# Ashford Joy Spinning Wheel 4 Sale



## springvalley (Jun 23, 2009)

Anyone out there wanting a brand new looking Joy Ashford spinning Wheel? It comes with a carrying case and is beautiful. I believe it is oak. I traded some of my alpaca products for this wheel so I can't tell you how old it is. I did sit and spin at it and it works very smoothly and all the parts and pieces are there as well. This wheel would cost $650 new and I'd like to sell it for $500 or best offer. I'd prefer if someone could come and get it, but I'd be willing to ship if you pay the shipping and take it as it comes (yes, I've had a bad experience with shipping). Pictures upon request.

Catherine
[email protected]
Fulton, IL


----------



## flannelberry (Jul 14, 2005)

I can't endorse this particular wheel but I can tell you I am really, really, really happy with my Joy. It spins beautifully - even for a complete beginner and folds up easily. I heartily not trying to save money by doing without the carry bag. It's so very handy.

I don't think the Joy has ever come in solid oak - it's laminated wood. But it is gorgeous - I thought I'd always put mine away but I don't because I just love seeing it.


----------



## MullersLaneFarm (Jul 23, 2004)

I know some may not like buying from folks they don't know.

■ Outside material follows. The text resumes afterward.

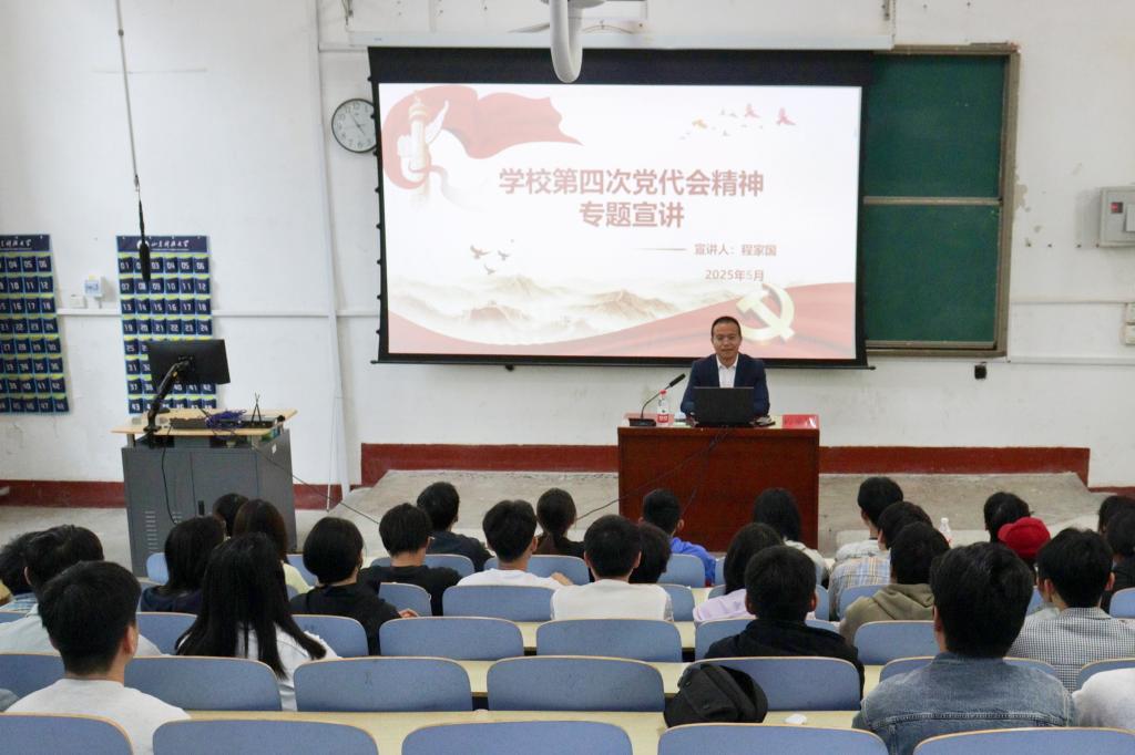 课上,程家国紧扣学校第四次党代会主题,着眼党代会的基本概况,全面、系统地阐释了党代会的重要意义,并对会议主要成果与精神实质进行了细致解读。他指出,学校第四次党代会高瞻远瞩,科学谋划了学校高质量跨越式发展的战略蓝图,所确立的“一三六八十”战略体系为学校高质量发展精准定向。程家国提到青年群体作为学校事业发展的重要力量,应主动将个人理想融入学校“双一流”建设大局,在“特色发展战略”、“人才强校战略”的指引下,明确自身成长定位,实现个人价值与学校发展的有机统一。此次会议使学生、党员进一步增强了责任感使命感,对学校第四次党代会精神有了更清晰、透彻、深刻地认知,引发了热烈反响。同学们纷纷表示,将以此次宣讲会为契机,认真学习贯彻学校第四次党代会精神,积极进取、勇于担当,将个人成长融入学校发展大局,用实际行动为学校高质量发展贡献力量。(文:郝敬如  图:祝健宁)

I've known Catherine (SpringValley) for years and personally vouch for her integrity.

She has a beautiful fiber flock, owned her own fiber mill & fiber store for some years.


----------



## MullersLaneFarm (Jul 23, 2004)

LOL!!

You made my day!!!

The folks that put together the EO combo for Mother Earth is no longer in business. I think I might have enough for a small batch. But I really need to save that so I can experiment with the right proportion of the essential oils to replicate it.


----------